Achieving Non-Discrimination in Data Release
Document Type
Article - Abstract Only
Publication Date
2017
Keywords
Information Systems, Data Mining, Applied Computing, Law, Social and behavioral sciences
Abstract
Discrimination discovery and prevention/removal are increasingly important tasks in data mining. Discrimination discovery aims to unveil discriminatory practices on the protected attribute (e.g., gender) by analyzing the dataset of historical decision records, and discrimination prevention aims to remove discrimination by modifying the biased data before conducting predictive analysis.
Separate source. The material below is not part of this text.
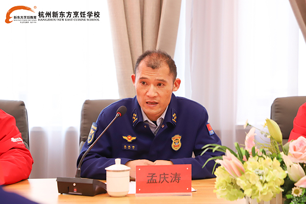 典禮伊始,杭州新東方烹飪學(xué)校校區(qū)負(fù)責(zé)人陳小進(jìn)主任首先致辭。他強(qiáng)調(diào),此次培訓(xùn)聚焦實(shí)戰(zhàn)需求,結(jié)合消防救援隊(duì)伍任務(wù)特點(diǎn),精心設(shè)計(jì)了涵蓋熱菜烹飪、面點(diǎn)制作、刀工技法、勺工技法等核心課程,旨在通過(guò)“理論+實(shí)操”雙軌教學(xué),幫助學(xué)員系統(tǒng)掌握營(yíng)養(yǎng)搭配、菜品創(chuàng)新及應(yīng)急供餐能力。陳小進(jìn)表示,學(xué)校將全力調(diào)配專(zhuān)業(yè)師資,確保培訓(xùn)成效。

In this paper, we show that the key to discrimination discovery and prevention is to find the meaningful partitions that can be used to provide quantitative evidences for the judgment of discrimination. With the support of the causal graph, we present a graphical condition for identifying a meaningful partition. Based on that, we develop a simple criterion for the claim of non-discrimination, and propose discrimination removal algorithms which accurately remove discrimination while retaining good data utility. Experiments using real datasets show the effectiveness of our approaches.
Citation
Lu Zhang, Yongkai Wu, and Xintao Wu. 2017. Achieving Non-Discrimination in Data Release. In Proceedings of the 23rd ACM SIGKDD International Conference on Knowledge Discovery and Data Mining (KDD '17). ACM, New York, NY, USA, 1335-1344. DOI: https://doi.org/10.1145/3097983.3098167
Comments
Principal Investigator: Xintao Wu
Acknowledgements: This work was supported in part by NSF 1646654.